#### RECORDS PROVIDED ####
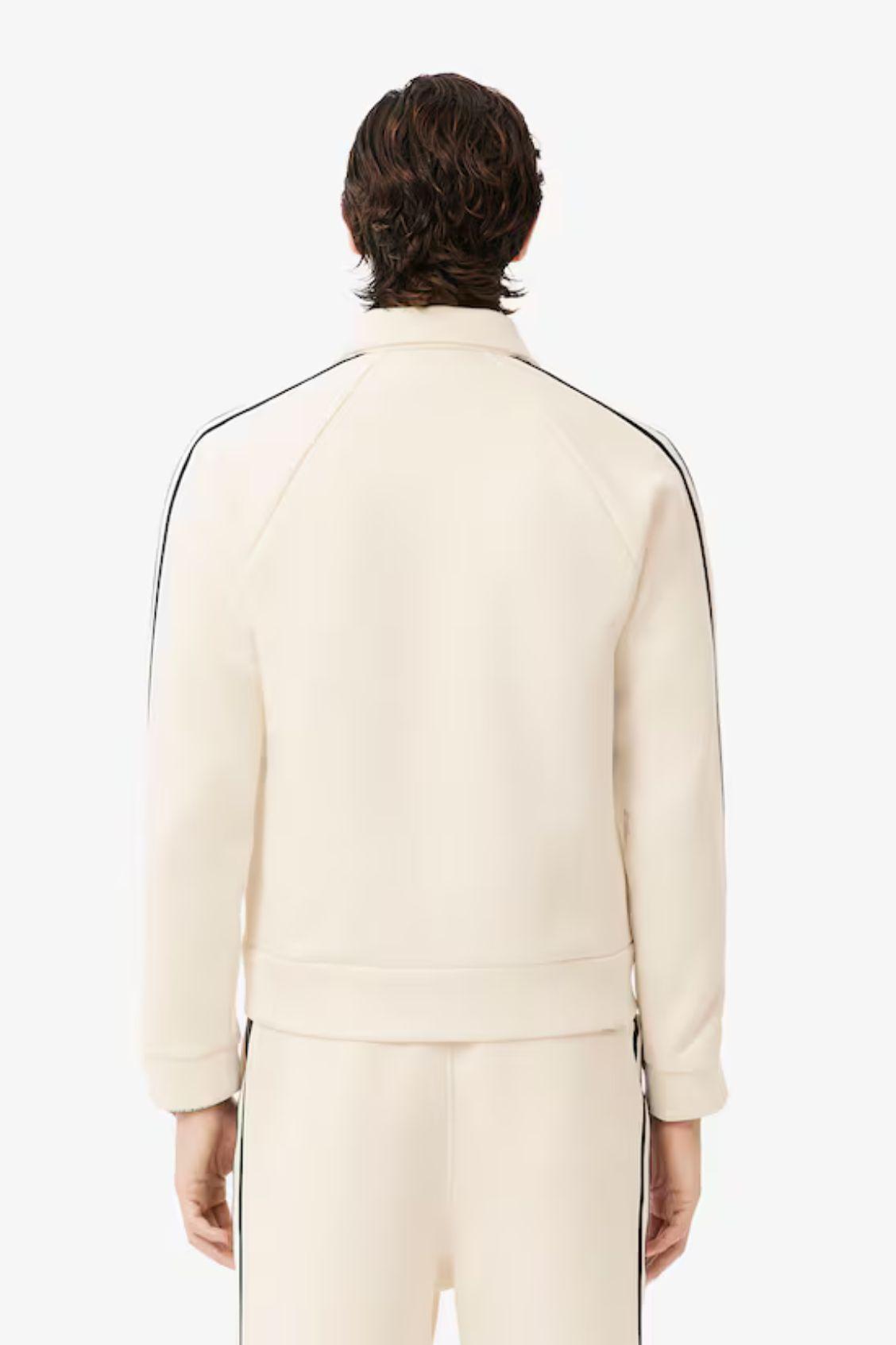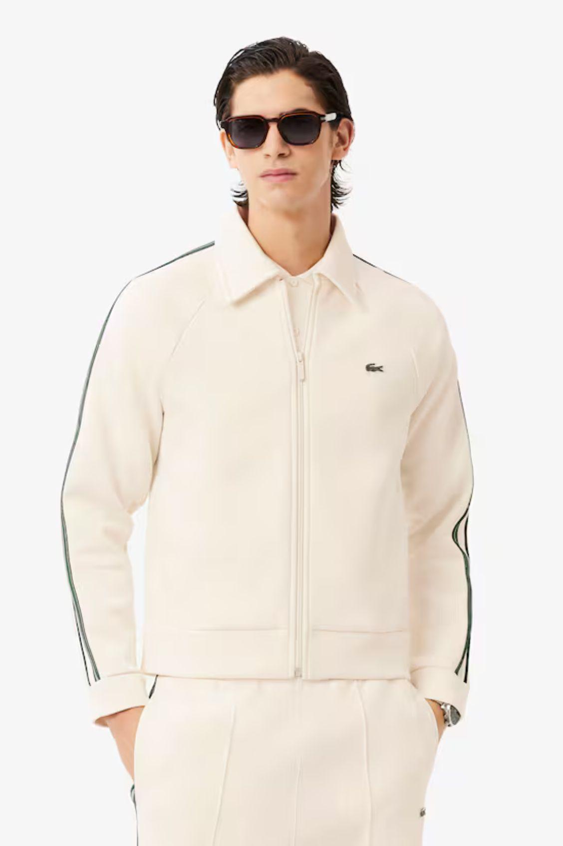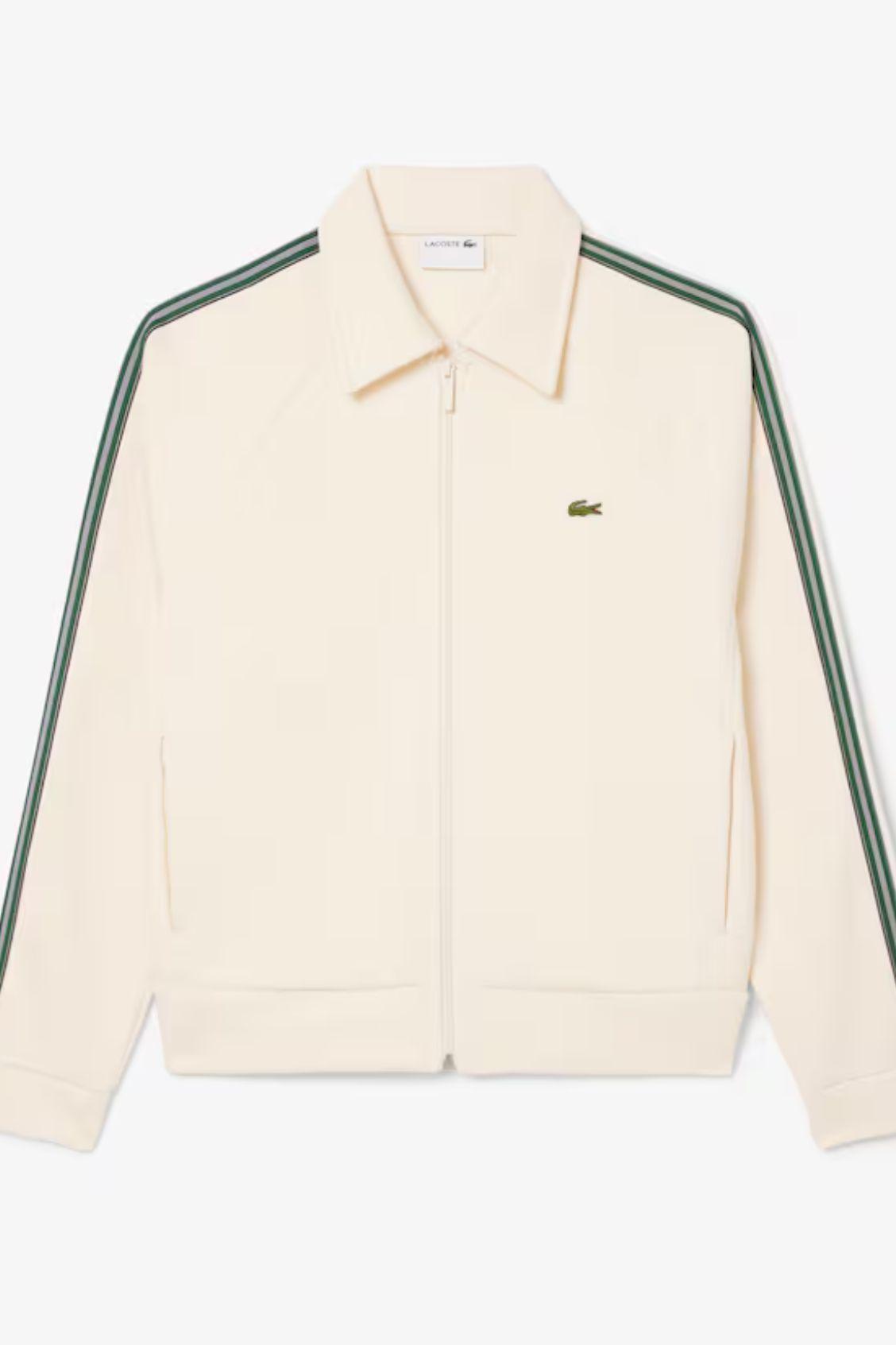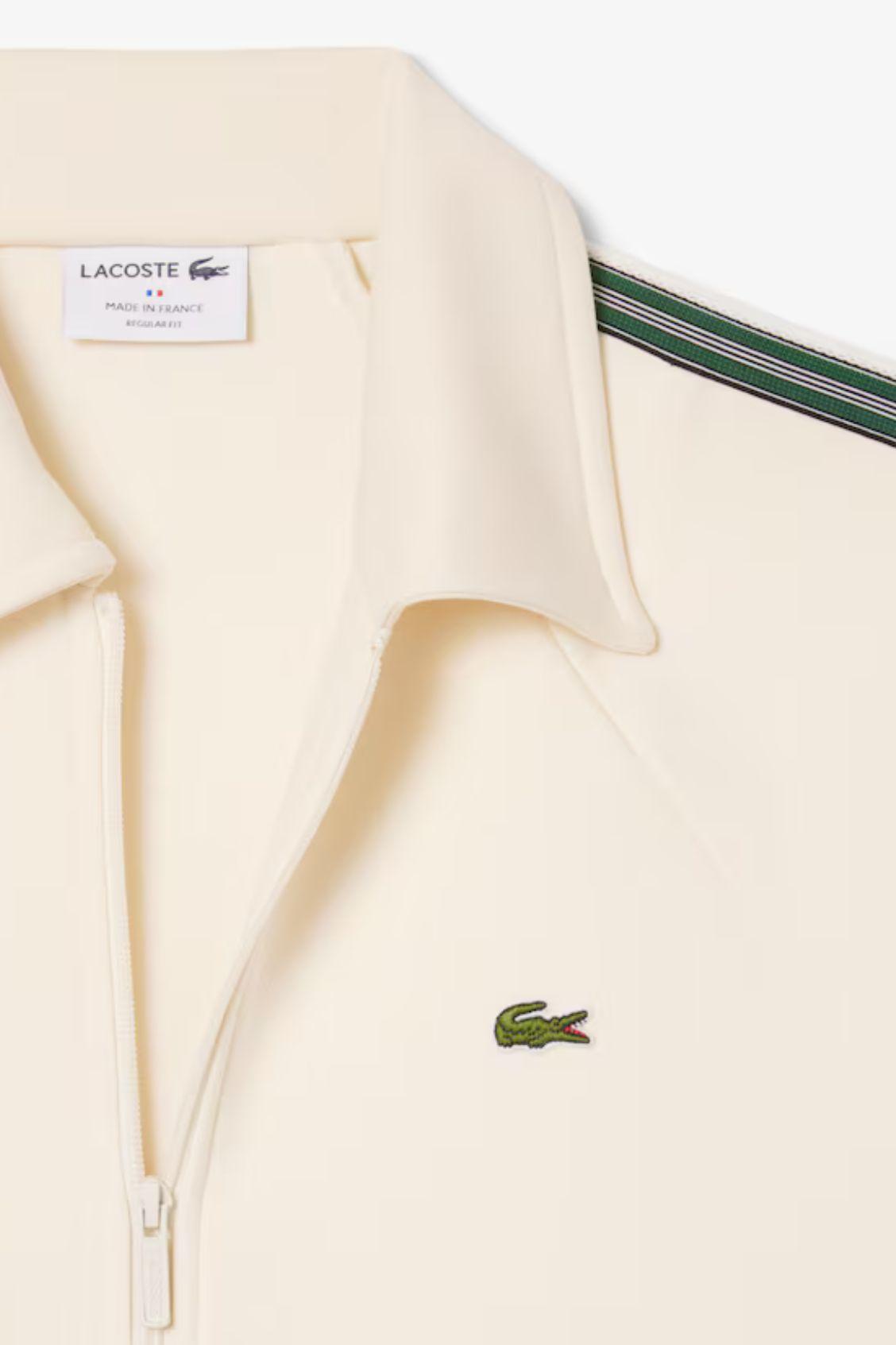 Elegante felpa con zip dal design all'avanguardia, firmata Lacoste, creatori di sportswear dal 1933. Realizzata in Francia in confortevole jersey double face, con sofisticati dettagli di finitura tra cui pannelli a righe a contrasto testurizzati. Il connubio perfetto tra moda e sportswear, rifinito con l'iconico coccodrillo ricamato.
####
#### RECORDS PROVIDED ####
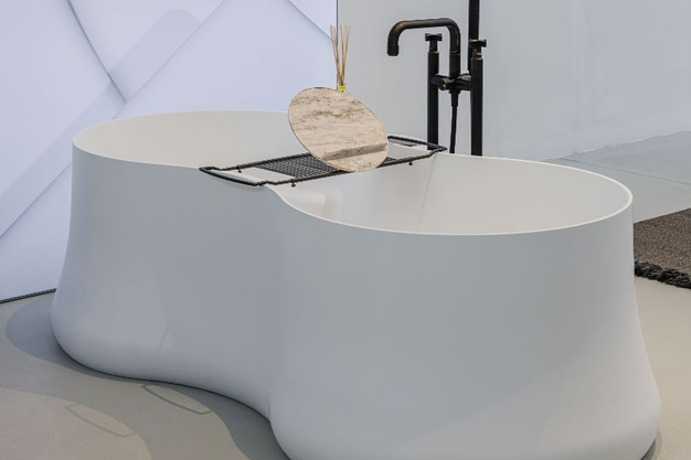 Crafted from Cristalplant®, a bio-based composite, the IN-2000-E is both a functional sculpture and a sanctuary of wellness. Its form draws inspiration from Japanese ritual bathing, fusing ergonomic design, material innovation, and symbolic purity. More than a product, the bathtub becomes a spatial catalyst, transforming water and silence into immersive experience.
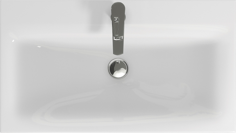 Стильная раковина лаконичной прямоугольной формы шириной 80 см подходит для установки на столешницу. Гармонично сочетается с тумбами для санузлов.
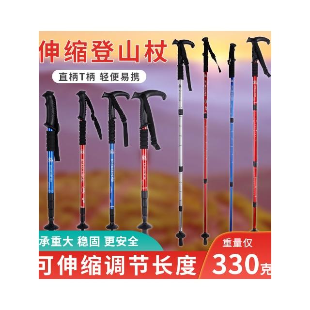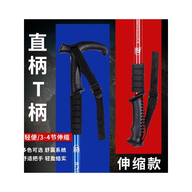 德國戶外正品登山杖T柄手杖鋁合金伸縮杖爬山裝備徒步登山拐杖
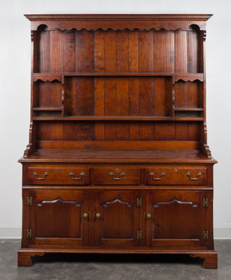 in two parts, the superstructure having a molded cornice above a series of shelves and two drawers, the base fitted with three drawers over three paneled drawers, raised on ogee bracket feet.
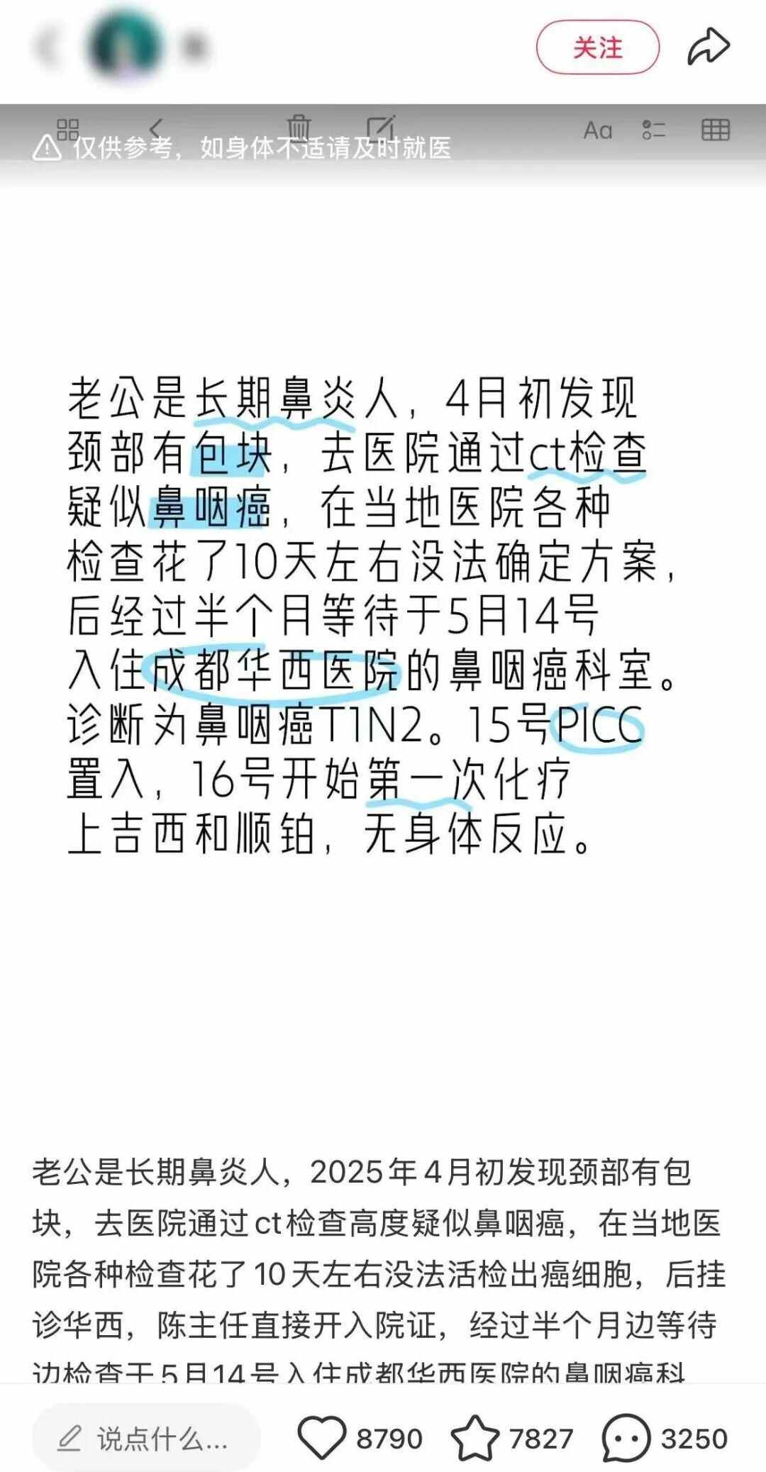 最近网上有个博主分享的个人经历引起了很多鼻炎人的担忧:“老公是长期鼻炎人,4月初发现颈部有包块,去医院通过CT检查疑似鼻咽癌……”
####
#### RECORDS PROVIDED ####
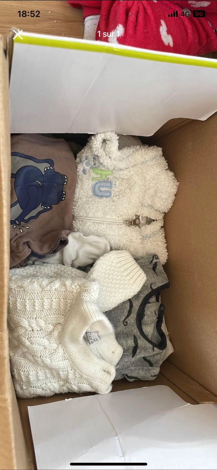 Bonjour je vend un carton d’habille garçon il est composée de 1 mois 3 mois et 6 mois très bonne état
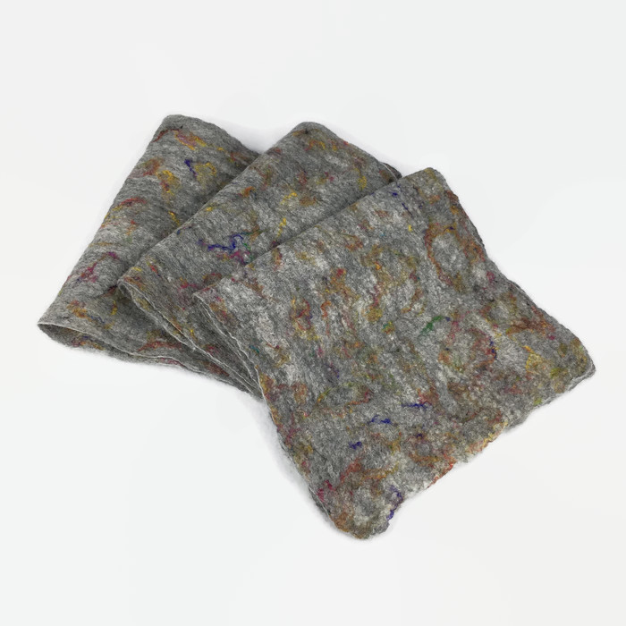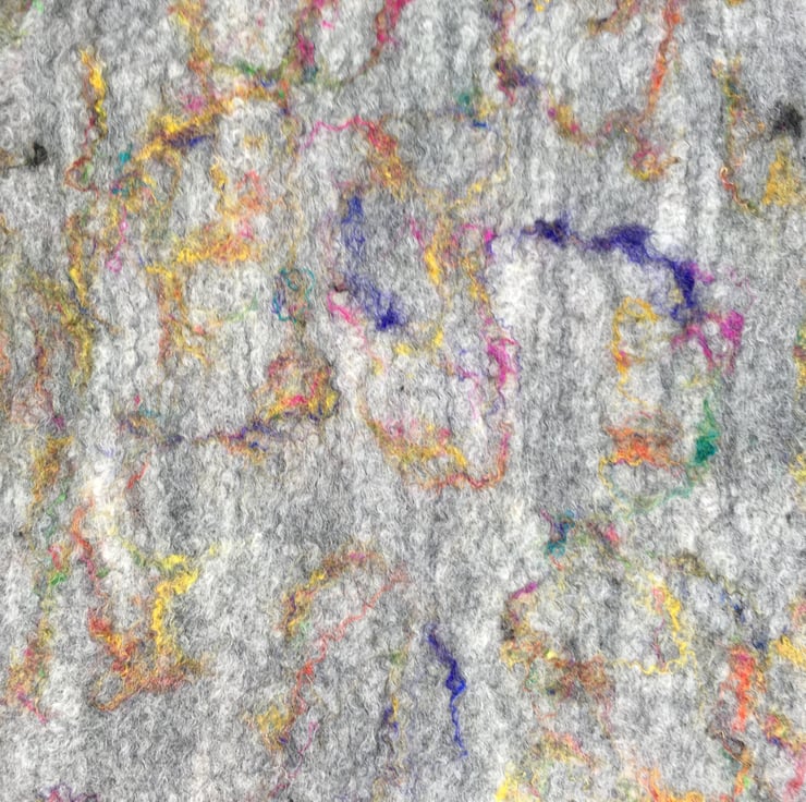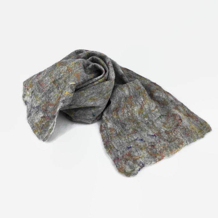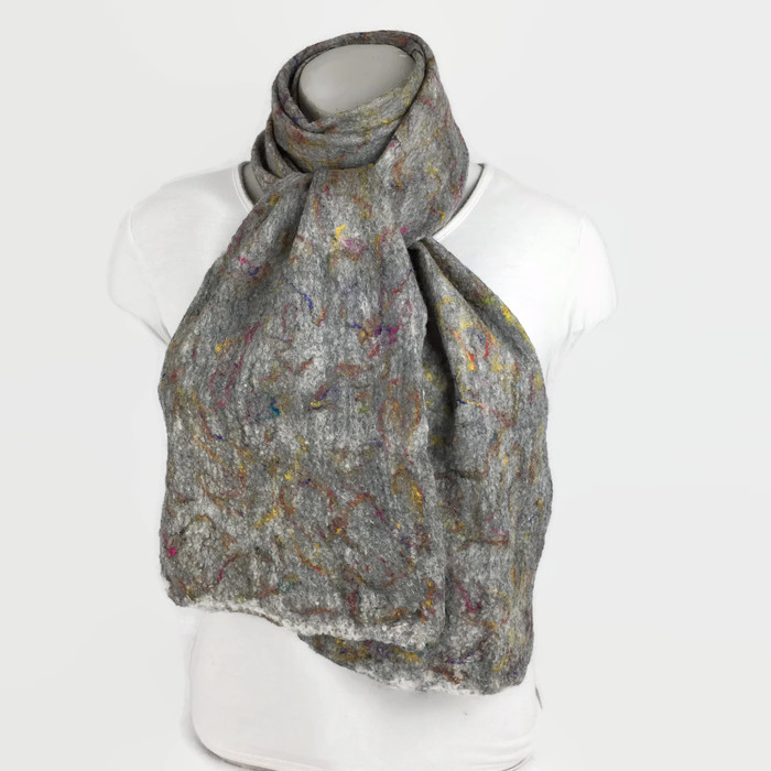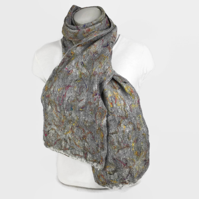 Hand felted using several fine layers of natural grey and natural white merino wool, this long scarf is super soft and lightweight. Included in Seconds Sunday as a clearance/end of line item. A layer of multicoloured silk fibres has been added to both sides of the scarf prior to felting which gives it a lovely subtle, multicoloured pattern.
####
**TASK DETAILS:** In the material above, one part opens with the line containing "Стильная раковина лаконичной" and closes with the line containing "最近网上有个博主分享的个人经". Write out that part exactly and skip its pictures.

**SOLUTION FOR THIS TASK:**
 Стильная раковина лаконичной прямоугольной формы шириной 80 см подходит для установки на столешницу. Гармонично сочетается с тумбами для санузлов.
 德國戶外正品登山杖T柄手杖鋁合金伸縮杖爬山裝備徒步登山拐杖
 in two parts, the superstructure having a molded cornice above a series of shelves and two drawers, the base fitted with three drawers over three paneled drawers, raised on ogee bracket feet.
 最近网上有个博主分享的个人经历引起了很多鼻炎人的担忧:“老公是长期鼻炎人,4月初发现颈部有包块,去医院通过CT检查疑似鼻咽癌……”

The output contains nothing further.